Robert Blatchford

Robert Blatchford recently resigned his post on the Sunday Chronicle and Sunday Herald. The reason he gave was that he was “tired of all this dirty business of lying about the Labour Party and similar tactics” (Daily Herald, January 7th, 1924). This sounds fine, and it drew from George Lansbury a column of extravagant appreciation, but when one remembers something of Blatchford’s career it seems particularly out of place that he, of all men, should be praised for his independence and disinterested enthusiasm for Socialism. He had in his own words “been associated with these papers for seven years,” and during those years had reached the point of repudiating most of the views of his youth, including all that he ever held of Socialism. He had shown himself one of the most violent of the stop-at-home fighters who gloried in the knowledge that the workers were butchering each other for the class Blatchford was serving. After selling his “great genius” to the capitalist Press for seven years, Blatchford decides to desert them; curiously, just at the moment when the Labour Party is about to take over the administration; and for this we are expected to honour him!
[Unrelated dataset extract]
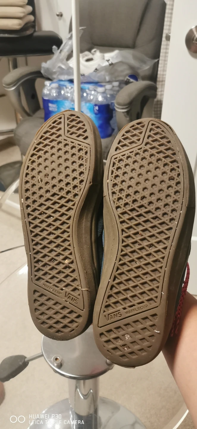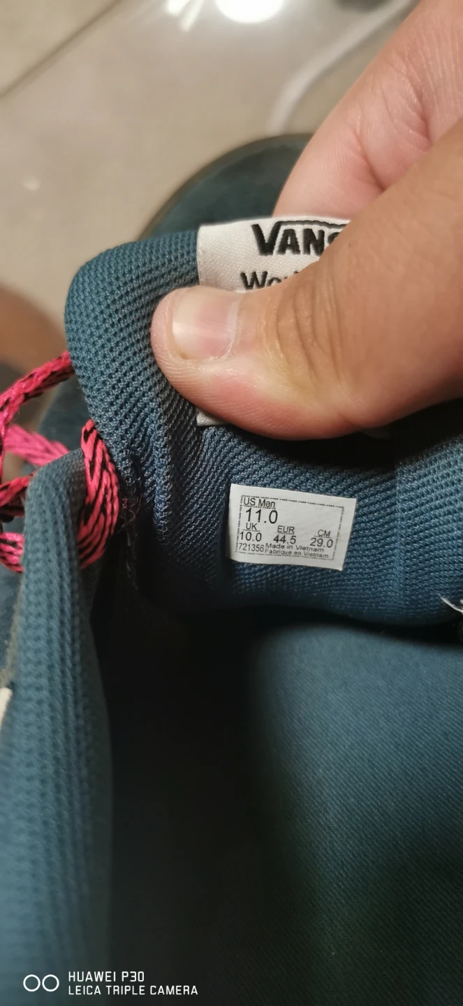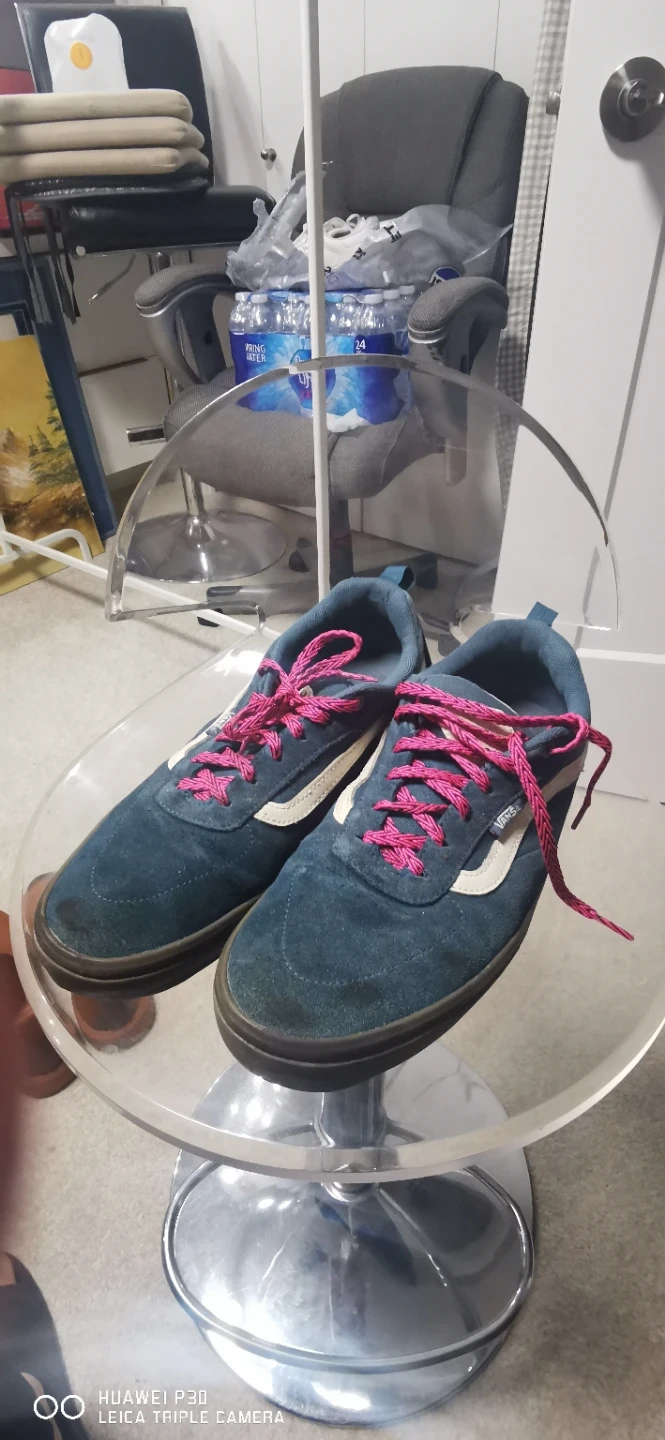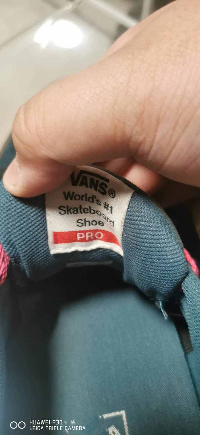 Vans "World's #1" Skateboarding Shoe in size US Men 11.0. These shoes are blue suede with white accents and pink laces. They feature the Vans WaffleCup sole.

There are some who charitably ask that Blatchford be forgiven his treachery of the past seven years as a “mistake.” Must we then also forgive his even more transparent treachery over the Boer War, when the open Imperialism of the British capitalists was opposed by Lloyd George?
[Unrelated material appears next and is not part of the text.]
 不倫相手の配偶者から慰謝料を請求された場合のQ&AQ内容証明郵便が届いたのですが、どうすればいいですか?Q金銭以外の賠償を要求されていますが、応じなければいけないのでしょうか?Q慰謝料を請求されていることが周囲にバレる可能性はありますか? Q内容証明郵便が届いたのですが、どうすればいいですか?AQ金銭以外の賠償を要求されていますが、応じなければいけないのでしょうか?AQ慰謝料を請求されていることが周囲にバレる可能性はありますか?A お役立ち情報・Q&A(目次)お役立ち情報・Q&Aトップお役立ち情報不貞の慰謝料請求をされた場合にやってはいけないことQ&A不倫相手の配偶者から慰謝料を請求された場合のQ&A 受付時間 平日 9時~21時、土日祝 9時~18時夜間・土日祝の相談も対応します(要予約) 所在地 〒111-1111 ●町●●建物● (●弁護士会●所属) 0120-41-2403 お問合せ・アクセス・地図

As for his work for Socialism, it is as well to remember that it was the Clarion and its editor who reaped all the glory, not Socialism. The activities he organised were “Clarion” clubs and choirs and vans, and, as shown below, he appears to have reaped no small advantage from them. George Lansbury’s opinion certainly does not seem to have been shared by one who knew Blatchford well—his brother Montague.
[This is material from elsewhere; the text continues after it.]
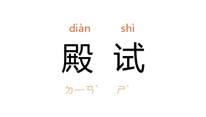 ⒈ 科举考试中最高一级。皇帝亲临殿廷策试。也称廷试。源于 西汉 时皇帝亲策贤良文学之士。始于 唐 武则天 天授 二年于 洛阳 殿前亲策贡举人,但尚未成定制。 宋 开宝 八年, 太祖 于 讲武殿 策试贡院合格举人,并颁定名次,自此始为常制。 太平兴国 八年,将殿试后进士分为五甲。 元 无殿试。 明 清 殿试后分为三甲:一甲三名赐进士及第,通称状元、榜眼、探花;二甲赐进士出身,第一名通称传胪;三甲赐同进士出身。参阅 清 赵翼 《陔馀丛考·殿试》。

In a letter to David Lowe, reproduced by him in Forward (December 22nd, 1923) Keir Hardie wrote as follows: —

    “House of Commons,

    “9th August, 1902.

    “Dear Davie,

    “I am sending you a Manchester Guardian. It is good. When at Halifax recently I spent an evening at a friend’s house where Mont. Blatchford was present. The bottle went round, and he came over to say that the C. (Clarion) was about to burst. That Nunquam and Dangle had not spoken, save to wrangle, for weeks. He afterwards saw me home in the wee sma’ ‘oors. The two able men have quarrelled about the division of the spoil. Each has an income, presumably, all told, of £600 a year. He, M.B., was happy on less than half, but the others had inflated notions of living; the more they got the more they wanted; they no longer wrote for the love of the Cause but purely for what it brought them; the Bounder, when alive, kept things straight with his fine scorn, but now there was no one to intervene, and the meetings of the Board were a series of wrangles over money affairs. All this and more, with much reiteration. He was sick of it, and was going to clear out, and felt sure the whole thing was about to burst . . . “

“Nunquam,” of course, is Robert Blatchford, and “Dangle” is A. M. Thompson, another loyal servant of the employing class who may also be expected to develop a tender conscience now that his erstwhile comrades have become His Majesty’s Government.